== Information supplied ==

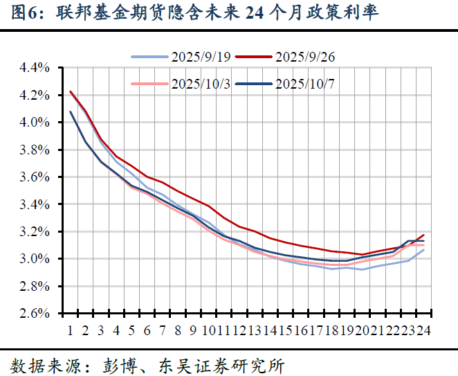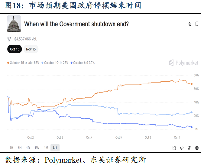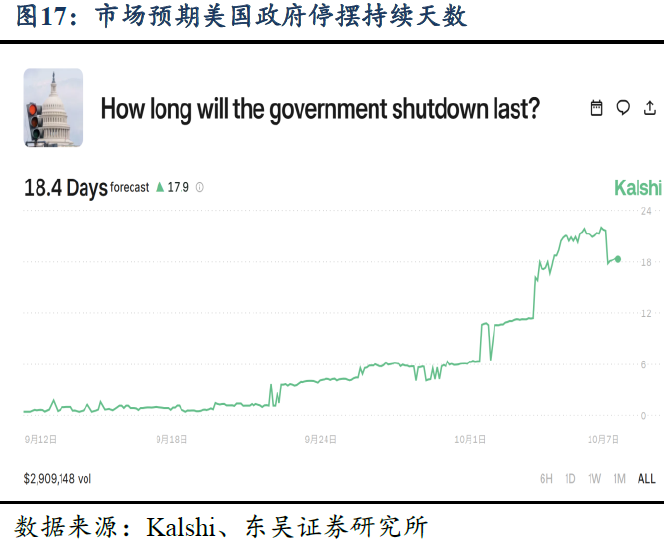 美国政治:联邦政府再度停摆,持续时间较市场预期或更长,经济数据发布时间延后。美东时间2025年10月1日,因临时支出法案未能在参议院通过,美国联邦政府正式进入关门状态。具体来看,本次联邦政府“停摆”源于两党在医保支出上的分歧:共和党主张通过约1.5万亿美元,不含医保补贴的短期拨款,以维持政府运转至11月21日,并将医保补贴等争议留至12月进行协商;而民主党则坚持将延长《平价医疗法案》(ACA)补贴相关条款纳入法案。停摆期间,两党曾于10月3日在参议院再度就支出法案进行表决,但仍未能通过,双方谈判陷入僵局。从影响来看,①联邦政府停摆对经济的负面作用较为有限:以上次政府停摆(2018年12月22日至2019年1月25日)为例,CBO的研究显示停摆令美国实际GDP减少约0.1%-0.2%,但这一损失在政府恢复运作后大部分得到回补。②特朗普正利用政府停摆推进裁员计划:国会预算办公室(OMB)表示,本次政府关门预计将临时解雇约75万人。而特朗普已经指示OMB向各个联邦机构发出备忘录,要求将部分符合条件雇员由“临时解雇”转向“永久裁员”。尽管该指示暂不具备强制效力且涉及人数未知,但若特朗普能借本次停摆推进其政府裁员计划,则仍将给美国劳动力市场带来额外压力。③政府停摆的负面影响同样体现在经济数据发布的延后:受停摆影响,BLS宣布原定于10月3日公布的9月非农就业数据将延期发布,具体发布时间待定。截至最新合约交易网站Kalshi预测本轮联邦政府停摆将持续约18天,Polymarekt预测停摆持续至10月15日及以后的概率为68%。因此BLS原定于10月15日公布9月CPI数据也将大概率面临延期。非农就业与CPI作为对美联储货币政策决议起决定性作用的关键数据,其延期发布令市场短期内陷入“无消息”状态。但市场对“无消息”的理解偏中性,既未当作“好消息”也未当作“坏消息”进行交易。10月1日以来,联邦基金期货交易员预期全年降息次数由1.89次减少至1.82次,变化幅度较小。
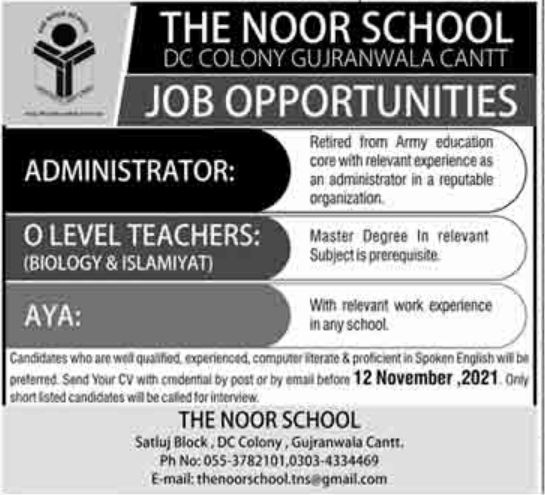 The Noor School Gujranwala Cantt Jobs 2021 For Administrator
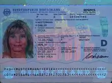 The page ends with a 2-line machine readable zone, according to ICAO standard 9303. The country code is not DEU as is the standard country code for Germany (according to ISO 3166-1 alpha-3), but D. This is the only country/citizen code which does not consist of 3 letters.
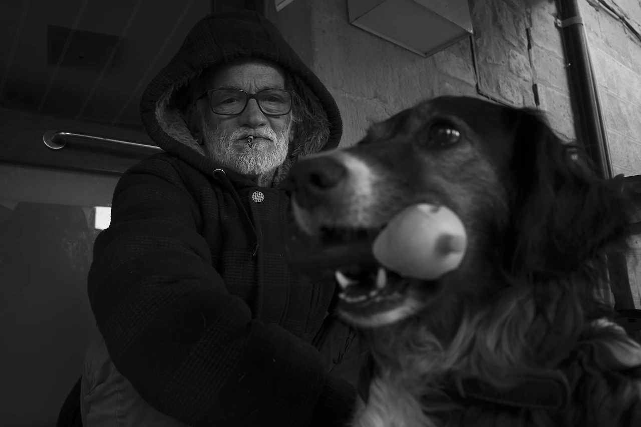 산티아고 시리즈 두 번째. 로스 아르고스에서 로그로뇨로 향하던 길 어느 슈퍼마켓 앞에서 만난 '키르기'와 할아버지. 출입문 앞에 앉아 손님들이 뭘 사는지 구경하는 개가 신기해 찍었다. 사실, 개를 워낙 좋아한다. 이 곳(스페인)은 약간 신기했던 게, 주인과 다니는 큰 개들은 저렇게 입에 뭘 물고 있다. 대도시에서 산책하는 대형견들도 마찬가지다. 따로 입마개를 하지 않는 것을 보면 아마 다니면서 사람을 물지 못하게 입에 물고 다니는 물건을 떨어뜨리지 않도록 훈련을 하는 게 아닐까 싶고. 물론 키르기가 물고 있는 건 그냥 자기 장난감이다. 놀자고.
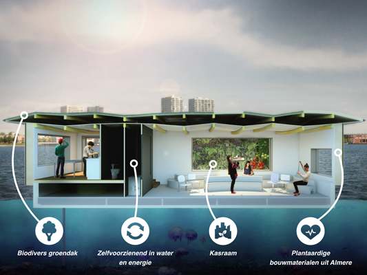 “Plantaardig gebouwd, dat is uniek voor een drijvend gebouw”, zegt Koen Kaljee, die de ark samen met Noëlle Dorenbos heeft ontworpen. “De Drijfveer wordt helemaal zelfvoorzienend: hij gaat energie opwekken, water zuiveren en afval verwerken.”
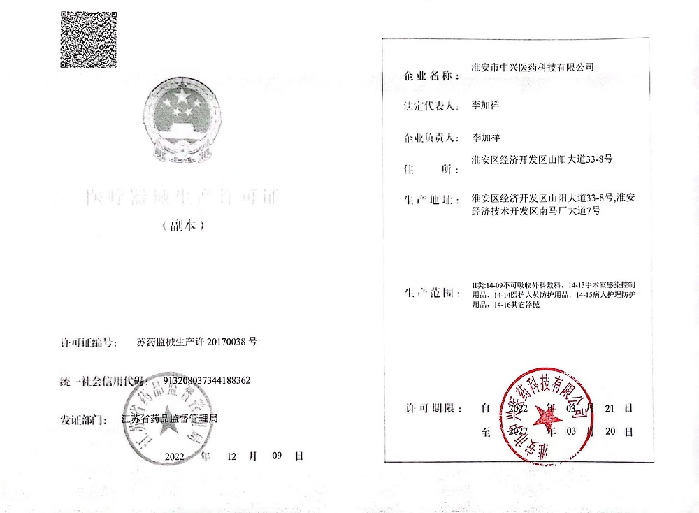 醫(yī)療器械注冊證(醫(yī)用外科口罩)

===

- [Your goal]: Verbatim output, no pictures: the line holding "산티아고 시리즈 두 번째." and all lines after it through the last line of the material, with nothing else.

- [Your solution]:
 산티아고 시리즈 두 번째. 로스 아르고스에서 로그로뇨로 향하던 길 어느 슈퍼마켓 앞에서 만난 '키르기'와 할아버지. 출입문 앞에 앉아 손님들이 뭘 사는지 구경하는 개가 신기해 찍었다. 사실, 개를 워낙 좋아한다. 이 곳(스페인)은 약간 신기했던 게, 주인과 다니는 큰 개들은 저렇게 입에 뭘 물고 있다. 대도시에서 산책하는 대형견들도 마찬가지다. 따로 입마개를 하지 않는 것을 보면 아마 다니면서 사람을 물지 못하게 입에 물고 다니는 물건을 떨어뜨리지 않도록 훈련을 하는 게 아닐까 싶고. 물론 키르기가 물고 있는 건 그냥 자기 장난감이다. 놀자고.
 “Plantaardig gebouwd, dat is uniek voor een drijvend gebouw”, zegt Koen Kaljee, die de ark samen met Noëlle Dorenbos heeft ontworpen. “De Drijfveer wordt helemaal zelfvoorzienend: hij gaat energie opwekken, water zuiveren en afval verwerken.”
 醫(yī)療器械注冊證(醫(yī)用外科口罩)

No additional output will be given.